Under an optimistic scenario where humanity quickly reduces global carbon emissions, Briner’s models show that Greenland will lose about 9,700 billion tons of ice this century. But if we continue to burn fossil fuels with abandon, Greenland could lose closer to 21,000 billion tons of ice this century, a melt rate approximately four times higher than the highest model estimates for the past 12,000 years.

That latter scenario, called RPC 8.5, is considered pessimistic from an emissions standpoint, but it is the pathway Greenland is following most closely based on recent ice losses. The RPC 8.5 findings are also consistent with another recent study that concluded Greenland could be ice free in as few as 1,000 years.

Ted Scambos, a glaciologist at the National Snow and Ice Data Center who wasn’t involved with the study, called it “an excellent merging of paleo records, present-day measurements, and modeling that extends the work to future projections.”

“The paper is also an answer to those who dismiss the ongoing effects of climate change with ‘the earth has always changed’—and the answer is, ‘not at this pace’,” Scambos says.

Limitations and next steps

The study’s results come with an important caveat: The authors restricted their models to southwest Greenland because the region has relatively simple physics, with most of the ice melt driven by air temperatures as opposed to ocean warming and the breakup of glaciers that spill into the sea. From there, they extrapolated across Greenland.

The ice losses the researchers concluded from their models closely matched observational data from the last 40 years, lending support to the findings.

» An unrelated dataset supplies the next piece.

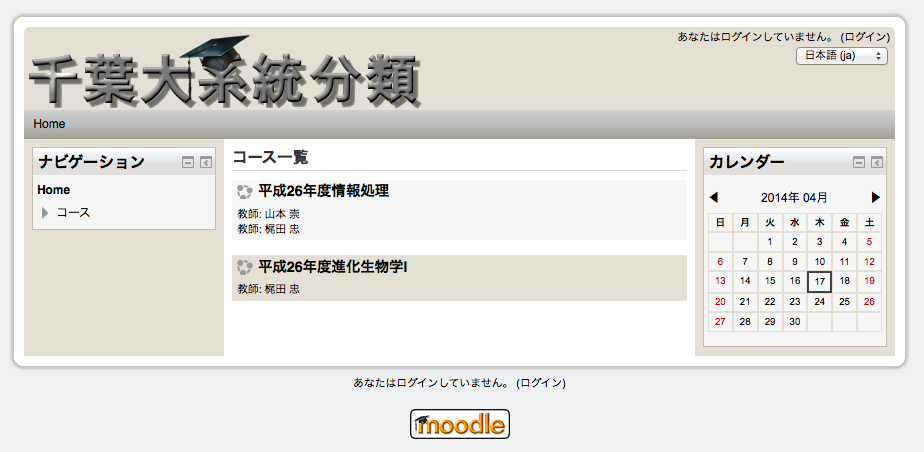 この授業では、課題の提出や成績の確認は、授業専用のmoodleページを用いて行う。

Still, as a next step, the team would like to apply their models across all of Greenland and incorporate additional processes that melt and break up ice.

Southwest Greenland is “the region that has showed one of the highest increases in melting in recent years, so it’s a good indicator for how the rest of the ice sheet will likely change overall,” says glaciologist Ruth Mottram of the Danish Meteorological Institute, who wasn’t involved in the paper.

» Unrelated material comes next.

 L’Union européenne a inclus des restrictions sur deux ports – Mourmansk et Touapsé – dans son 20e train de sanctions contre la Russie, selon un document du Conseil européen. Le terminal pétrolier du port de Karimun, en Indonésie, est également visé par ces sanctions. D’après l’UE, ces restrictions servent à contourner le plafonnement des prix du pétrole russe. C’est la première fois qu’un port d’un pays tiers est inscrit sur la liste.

Mottram points out that the authors also used glacial moraines—fields of rocky debris left behind after a glacier retreats—to see how well their models of ice growth and decline matched real-world evidence. “The combination of field and model results helps us to have more confidence in the model results for the past climate and hopefully therefore in the future projections,” she says.

But Ellyn Enderlin, a glaciologist at Boise State University, feels that extrapolating from the southwest to the entire ice sheet is “a bit of a stretch.”

“Although the authors point out that trends in modern mass loss are similar for this region and the ice sheet in its entirety, it is possible that this correlation would not hold over much longer time periods when the ice sheet's geometry was different from present,” Enderlin says.

On a larger ice sheet with more glaciers that run into the sea, Enderlin says, melting “would have been strongly controlled by the instabilities inherent to these systems, which may not follow the same patterns of mass loss modeled here for the southwestern portion of the ice sheet.”

While there’s more work to be done to suss out the finer details of Greenland’s past and its future fate, Scambos says at this point the scientific community has amassed enough evidence to say with confidence that Greenland—like Earth’s climate at large—will be dramatically altered unless humanity changes course.

“We have found a gas pedal and we have put a brick on it in terms of climate,” Scambos says. “And it’s not going to stop until we change.”